§ THE PROBLEM
Quote word for word the lines below, beginning with the first and ending with the one that has "Effect of solution". Drop the pictures.

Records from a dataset
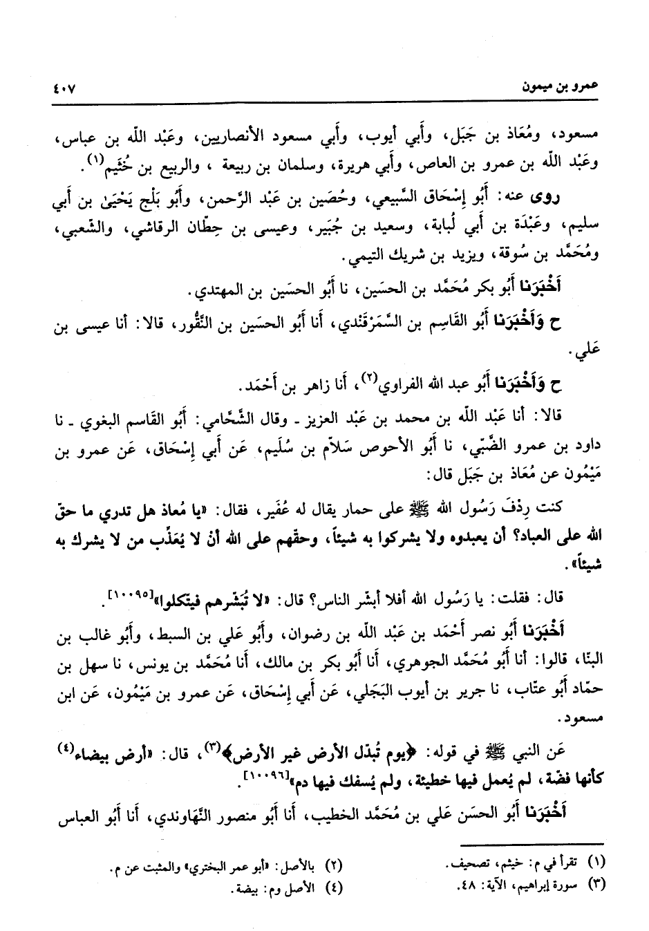 مسعود ومعاذ بن جبل وأبي أيوب وأبي مسعود الأنصاريين وعبد الله بن عباس وعبد الله بن عمرو بن العاص وأبي هريرة وسلمان بن ربيعة والربيع بن خثيم (1) روى عنه أبو إسحاق السبيعي وحصين بن عبد الرحمن وأبو بلج يحيى بن أبي سليم وعبدة بن أبي لبابة وسعيد بن جبير وعيسى بن حطان الرقاشي والشعبي ومحمد بن سوقة ويزيد بن شريك التيمي أخبرنا أبو بكر محمد بن الحسين نا أبو الحسين بن المهتدي ح وأخبرنا أبو القاسم بن السمرقندي أنا أبو الحسين بن النقور قالا أنا عيسى بن علي ح وأخبرنا أبو عبد الله الفراوي (2) أنا زاهر بن أحمد قالا أنا عبد الله بن محمد بن عبد العزيز وقال الشحامي أبو القاسم البغوي نا داود بن عمرو الضبي نا أبو الأحوص سلام بن سليم عن أبي إسحاق عن عمرو بن ميمون عن معاذ بن جبل قال كنت ردف رسول الله (صلى الله عليه وسلم) على حمار يقال له عفير فقال يا معاذ هل تدري ما حق الله على العباد أن يعبدوه ولا يشركوا به شيئا وحقهم على الله أن لا يعذب من لا يشرك به شيئا قال فقلت يا رسول الله أفلا أبشر الناس قال لا تبشرهم فيتكلوا
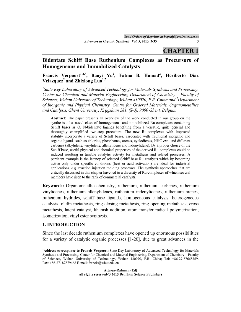 - Authors: Francis Verpoort1, Baoyi Yu2, Fatma B. Hamad3, Heriberto Diaz Velazquez4, Zhixiong Luo5
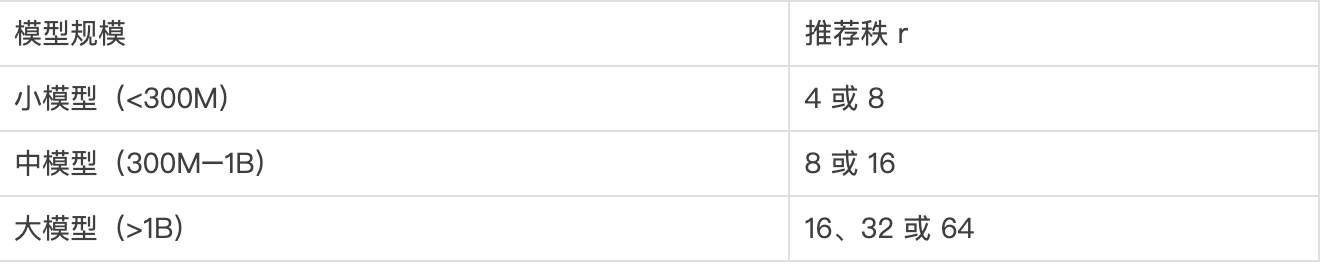 3、秩 r 的选择推荐秩 r 是你指定的小维度,对补丁的表达能力与参数数量起决定作用。经验推荐:
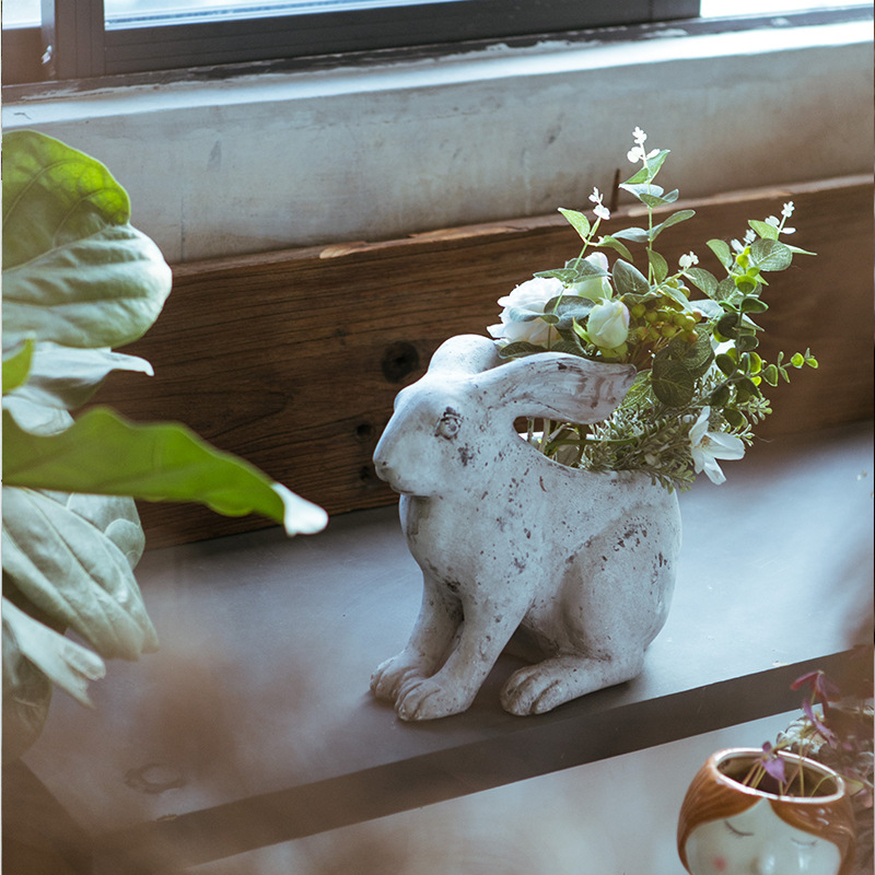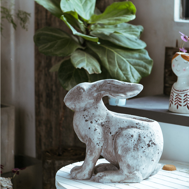 Outdoor Rabbit Flower Pot Ornaments Animal Shape Flower Pot Gardening Landscape With Succulent Resin Potted Retro Planting Pot
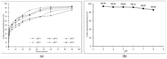 Effect of solution pH on decolorization of melanoidin wastewater (initial melanoidin = 10,000 mg/L, H2O2 = 0.375 mol/L, Fe2+ = 0.01 mol/L, reaction time = 90 min). (a) Color removal efficiency vs. reaction time where ● is pH 3, ⯀ is pH 4, ▲ is pH 5, ✕ is pH 6, ♦ is pH 7, and ○ is pH 8. (b) Color removal efficiency vs. initial pH at 90 min.
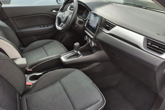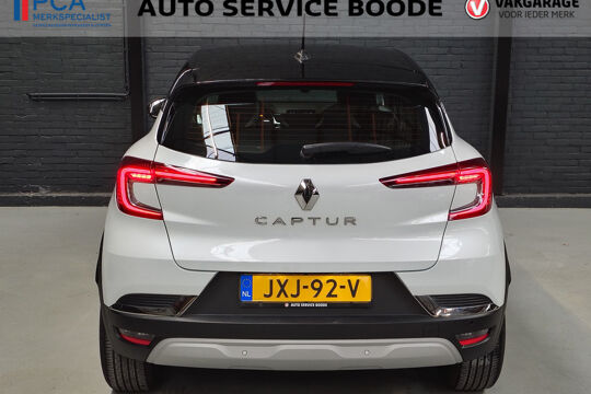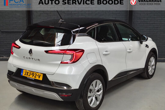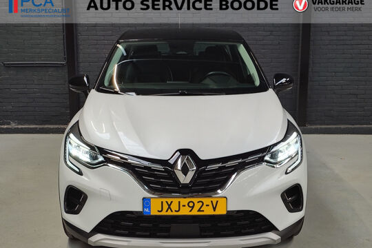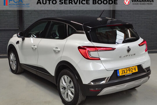 Mooie Renault Captur met Mild Hybride aandrijflijn met 140 pk, gekoppeld aan een soepele 7-traps automaat. In de Intens uitvoering is deze Captur voorzien van onder andere een touchscreen navigatiesysteem (met aanvullend ook ondersteuning van Apple Carplay en Android Auto), Bluetooth-carkit, achteruitrijcamera i.c.m. parkeersensoren voor + achter, cruise control, climate control, half (kunst)lederen bekleding, IsoFix, keyless entry + start, LED verlichting, 17 inch lichtmetalen velgen, en two-tone carrosserieafwerking (wit metallic i.c.m. een zwart dak).
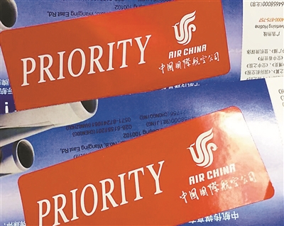 貼在登機牌后的優(yōu)先標(biāo)志。記者 鄒菲 攝
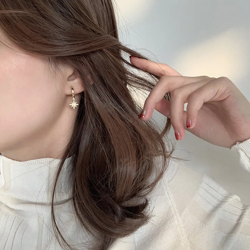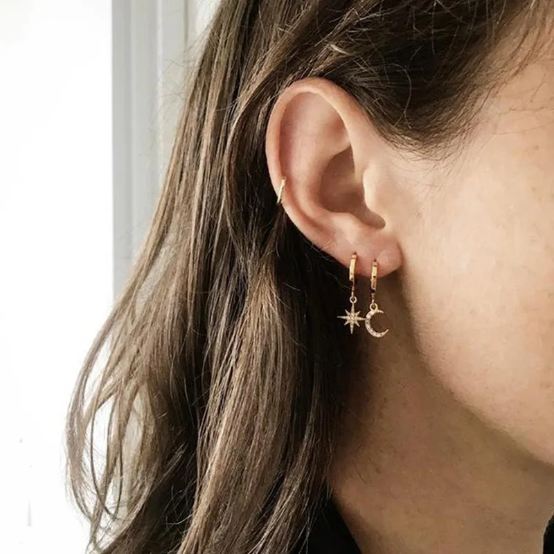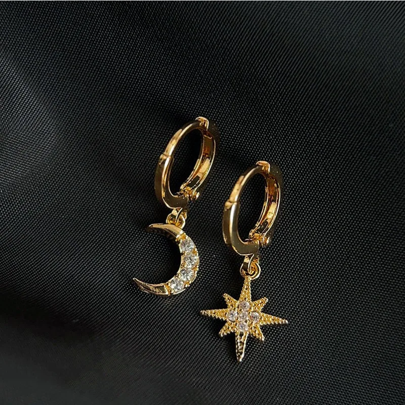 Minimalist Crystal Zirconia Stars Moon Huggie Hoop Earrings For Women Trendy Stainless Steel Circle Earrings Punk Rock Jewelry
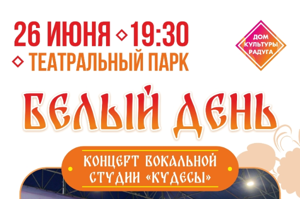 26 июня прошел концерт "Белый день". Несмотря на капризы погоды, выступление образцовой студии народного пения "Кудесы" в Театральном парке состоялось!

§ ANSWER AREA
 مسعود ومعاذ بن جبل وأبي أيوب وأبي مسعود الأنصاريين وعبد الله بن عباس وعبد الله بن عمرو بن العاص وأبي هريرة وسلمان بن ربيعة والربيع بن خثيم (1) روى عنه أبو إسحاق السبيعي وحصين بن عبد الرحمن وأبو بلج يحيى بن أبي سليم وعبدة بن أبي لبابة وسعيد بن جبير وعيسى بن حطان الرقاشي والشعبي ومحمد بن سوقة ويزيد بن شريك التيمي أخبرنا أبو بكر محمد بن الحسين نا أبو الحسين بن المهتدي ح وأخبرنا أبو القاسم بن السمرقندي أنا أبو الحسين بن النقور قالا أنا عيسى بن علي ح وأخبرنا أبو عبد الله الفراوي (2) أنا زاهر بن أحمد قالا أنا عبد الله بن محمد بن عبد العزيز وقال الشحامي أبو القاسم البغوي نا داود بن عمرو الضبي نا أبو الأحوص سلام بن سليم عن أبي إسحاق عن عمرو بن ميمون عن معاذ بن جبل قال كنت ردف رسول الله (صلى الله عليه وسلم) على حمار يقال له عفير فقال يا معاذ هل تدري ما حق الله على العباد أن يعبدوه ولا يشركوا به شيئا وحقهم على الله أن لا يعذب من لا يشرك به شيئا قال فقلت يا رسول الله أفلا أبشر الناس قال لا تبشرهم فيتكلوا
 - Authors: Francis Verpoort1, Baoyi Yu2, Fatma B. Hamad3, Heriberto Diaz Velazquez4, Zhixiong Luo5
 3、秩 r 的选择推荐秩 r 是你指定的小维度,对补丁的表达能力与参数数量起决定作用。经验推荐:
 Outdoor Rabbit Flower Pot Ornaments Animal Shape Flower Pot Gardening Landscape With Succulent Resin Potted Retro Planting Pot
 Effect of solution pH on decolorization of melanoidin wastewater (initial melanoidin = 10,000 mg/L, H2O2 = 0.375 mol/L, Fe2+ = 0.01 mol/L, reaction time = 90 min). (a) Color removal efficiency vs. reaction time where ● is pH 3, ⯀ is pH 4, ▲ is pH 5, ✕ is pH 6, ♦ is pH 7, and ○ is pH 8. (b) Color removal efficiency vs. initial pH at 90 min.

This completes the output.